An open-source interactive pipeline tutorial for differential ATAC-seq footprint analysis

Image adapted from https://doi.org/10.1038/s41596-022-00692-9

An open-source interactive pipeline tutorial for differential ATAC-seq footprint analysis

INBRE Google Cloud Training Tutorials - ATAC-seq

Overview

Included here are several tutorials in the form of Jupyter Notebooks.

The purpose of these tutorials is to help users familiarize themselves with the analysis steps for processing ATAC-seq data including considerations for single-end, paired-end, or single-cell data.

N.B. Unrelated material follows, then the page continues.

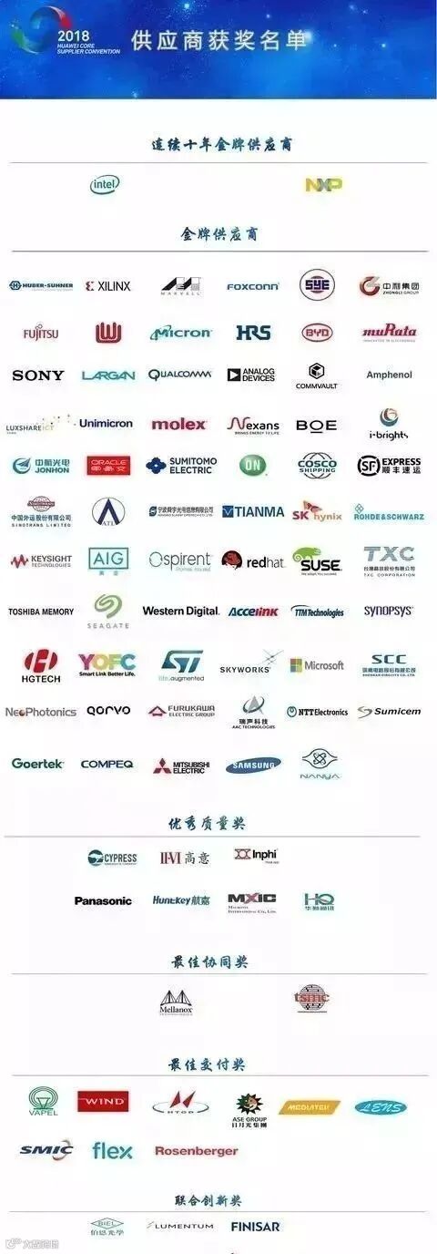 金牌供应商:灏讯、赛灵思、美满、富士康、生益电子、中利集团、富士通、沪士电子、美光、广濑、比亚迪、村田、索尼、大立光电、高通、亚德诺、康沃、安费诺、立讯精密、欣兴电子、莫仕、耐克森、京东方、阳天电子、中航光电、甲骨文、住友电工、安森美、中远海运集团、顺丰速递、中国外运、新能源科技有限公司、舜宇光学、天马、SK海力士、罗德与施瓦茨、是德科技、美国国际集团、思博伦、红帽、SUSE、晶技股份、东芝存储、希捷、西部数据、光迅科技、迅达科技、新思科技、华工科技、长飞、意法半导体、思佳迅、微软、深南电路、新飞通、Qorvo、古河电工、瑞声科技、联恩电子、Sumicem、歌尔股份、华通电脑、三菱电机、三星、南亚科技

These tutorials do this by going step-by-step through specific workflows. These workflows cover the start to finish of basic bioinformatics analysis; starting from downloading raw sequence data, and extending to differential peak identification, genome annotation, and transcription factor footprinting, while producing common plots and visualizations. Submodules 1 through 3 focus on analysis of bulk cellular data while submodule 4 focuses on single cell data.

For submodule 4, we will use RAPIDS pipeline to demonstrate on how to use analyze single-cell ATAC sequencing data. We demonstrate the use of RAPIDS pipeline to accelerate the analysis of single-cell ATAC-seq data from 60,495 cells. RAPIDS is a suite of open-source Python libraries that can speed up data science workflows. We start with the peak-cell matrix, then perform peak selection, normalization, dimensionality reduction, clustering, and visualization. We also visualize regulatory activity at marker genes and compute differential peaks.

Dataset sizes for single-cell genomics studies are increasing, presently reaching millions of cells. With RAPIDS pipeline, it becomes easy to analyze large datasets interactively and in real time, enabling faster scientific discoveries.

This module will cost you about $3.80 to run, assuming you tear down all resources upon its completion.

Watch this Introduction Video to learn more about the module.

Requirements

These tutorials were designed to be used on cloud computing platforms, with the aim of requiring nothing but the files within this GitHub repository.

With this in mind, our tutorials use Jupyter Notebook files, which Google Cloud Platform, Amazon Web Services, and Microsoft Azure all provide support for. Therefore, requirements should only require creation of a virtual machine on one of these providers, and the downloading of this repositories files to the machine. It is important to note that submodule 4 uses a custom image created with Docker which has pre-requisite NVIDIA software and drivers installed for single cell analysis. GCP uses port 8080 for jupyterlab which allows this image to be opened in VertexAI. You'll see this reflected in the Dockerfile that is included in the Tutorial 4 directory. Steps to make the Dockerfile in GCP are included below and can be done from any VM or cloud shell. To reuse, keen-clarity-352623 must be replaced with your own GCP project id and container registry or artifact registry must be active with the gcr.io repo inside.

docker build ./
docker tag 2c44b046c59c gcr.io/keen-clarity-352623/nvidiaforvertexai-rapids-22.12-cuda11.5-runtime-ubuntu20.04-py3.9
docker push gcr.io/keen-clarity-352623/nvidiaforvertexai-rapids-22.12-cuda11.5-runtime-ubuntu20.04-py3.9

For more information on creating a virtual machine and downloading our git repository to that machine, see the getting started section below. Currently this section only includes information on how to do this using Google Cloud Platform.

Getting Started

This repository contains several notebook files which serve as bioinformatics workflow tutorials.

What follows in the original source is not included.